競馬の馬単(1着と2着になる馬の馬番号を着順通りに予想)を例にあげます。
<軸:8、相手:4、6、12の場合>
- 馬単1着流し:1着=8に対して、2着を4、6、12とした3つの組み合わせ
- 馬単2着流し:2着=8に対して、1着を4、6、12とした3つの組み合わせ
- 馬単流しマルチ:馬単1着流しと馬単2着流しを合わせた6つの組み合わせ
マルチヒット
「マルチヒット」は「マルチ安打」とも言われます。野球において、一人の選手が1試合で複数のヒットを放つことです。
マルチプレイヤー・マルチプレーヤー
「マルチプレイヤー・マルチプレーヤー」は、複数の役割をこなせる人や物を指します。
- [音楽]複数の楽器を演奏できる音楽家
- [スポーツ]複数のポジションをこなせる選手(ユーティリティープレイヤー)
- [IT・オーディオ]CD-RやDVD-Rなどを再生できる光学ドライブ
- [ゲーム]二人以上の人間が参加できる方式
マルチポスト
「マルチポスト」とは、複数の掲示板などに同じ内容(おもに質問)を書き込むこと。ネット上のマナー違反行為です。
マルチメディア
「マルチメディア」とは、文字だけでなく、動画・静止画・音声など、多様なメディアを組み合わせて扱うこと、または、それらを扱う機能を指す言葉です。1980年代以降、盛んに使われるようになりました。
2.農業の被覆材
「マルチ」の意味・由来
農業分野で使う「マルチ」という言葉は、英語のマルチング(mulching)に由来します。
マルチングは、畑の表面を藁(わら)やプラスチック資材などで覆うこと。「マルチ」は畑を覆う被覆資材、主にプラスチック製の農業用被覆材のことです。
作物の根元を覆うことで、水分の蒸散や雑草を防いだり、温度変化を緩やかにする効果があります。
"mulching"とは
英語の"mulch"とは、「敷き藁を敷く・作物などの根元を覆う」という意味の動詞。
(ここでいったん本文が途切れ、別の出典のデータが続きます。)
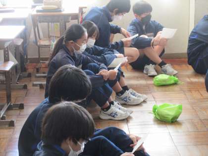 12月9日(金)授業風景 その3 公開日 2022/12/09 更新日 2022/12/09 お知らせ 2年生の保健体育科の授業です。 心肺蘇生法について、このあと、実際にやってみる場面でした。胸部圧迫(心臓マッサージ)とAEDの使い方を知り、いよいよペアでやります。応急処置が必要な時に、必ず、役に立つ学習です。この後、クラス全体で、しっかり取り組めたことでしょう。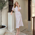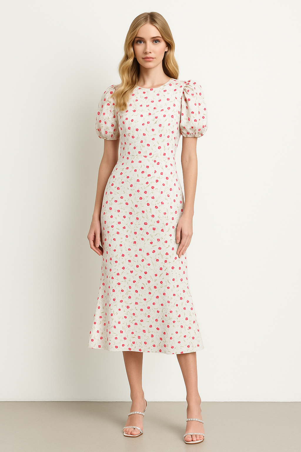 Women's Dress – Slim Fit – Floral Print – Puff Sleeves – Midi – High Waist – Mermaid Model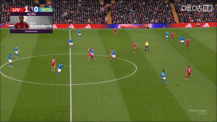 英超聯(lián)賽第18輪利物浦迎戰(zhàn)狼隊的比賽在安菲爾德球場進(jìn)行,上半場?;倏硕瞪渲兄溈ɡ固爻樯渲兄?,弗林蓬助攻赫拉芬貝赫抽射破門,埃基蒂克助攻維爾茨打進(jìn)紅軍首球,半場結(jié)束,利物浦2-0狼隊。下半場布埃諾補(bǔ)射扳回一城,阿洛科達(dá)爾頭球造險,最終利物浦2-1狼隊聯(lián)賽三連勝暫升第4。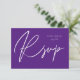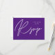 Envie um cartão de refeição RSVP de Caligrafia Violet Purple MOD, divertido e elegante, com seus convites para casamentos e festas, incluindo Festas de formatura. Veja nossa coleção para uma opção sem a refeição.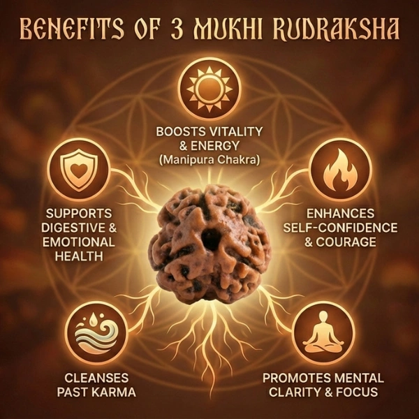 The 3 Mukhi eliminates negativity, increases courage, improves self-esteem, and supports spiritual awakening.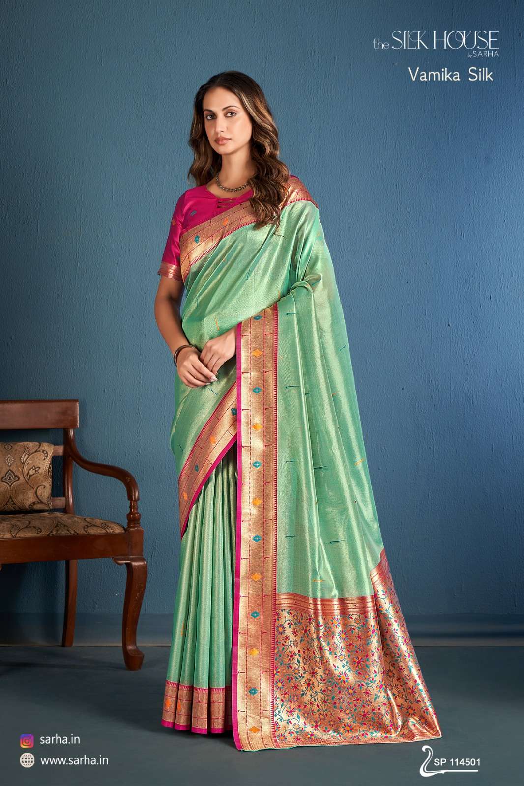 Vamika Silk by Sarha Soft Tissue Paithani saree collection manufacturer surat
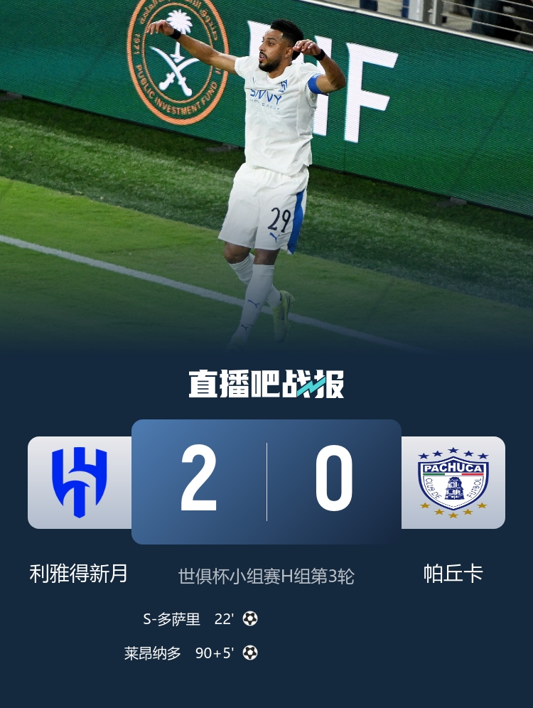 直播吧6月27日讯 北京时间9:00,世俱杯小组赛H组第3轮利雅得新月vs帕丘卡,比赛在吉奥迪斯公园球场打响!上半场,N-多萨里助攻S-多萨里,帮助利雅得新月取得领先!下半场,补时阶段莱昂纳多单刀破门!最终,利雅得新月2-0战胜帕丘卡,小组第二出线,1/8决赛将战曼城!帕丘卡小组赛三连败垫底出局!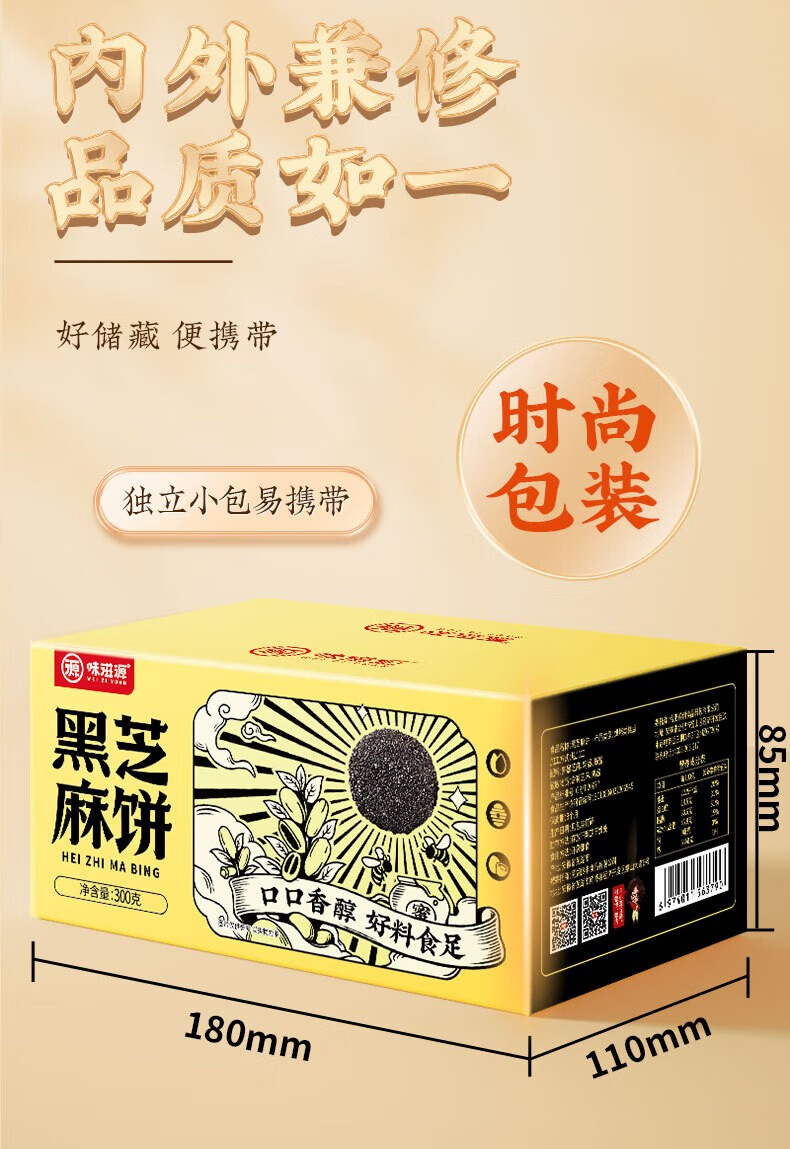 味滋源传统美味小吃 休闲零食下午茶小点心 追剧宅家饱腹代餐美食 黑芝麻饼300g 1件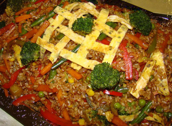 برنج قهوه ای سرخ شده با سبزیجات

"mulching"は、根元を覆うことです。
「マルチーズ」とは
「マルチーズ(Maltese)」は、白く、絹のような被毛が特徴の小型犬種。世界最古の愛玩犬です。名称は「マルタ島(Malta)原産」であることに由来します。なお、上記の1と2の「マルチ」には当てはまりません。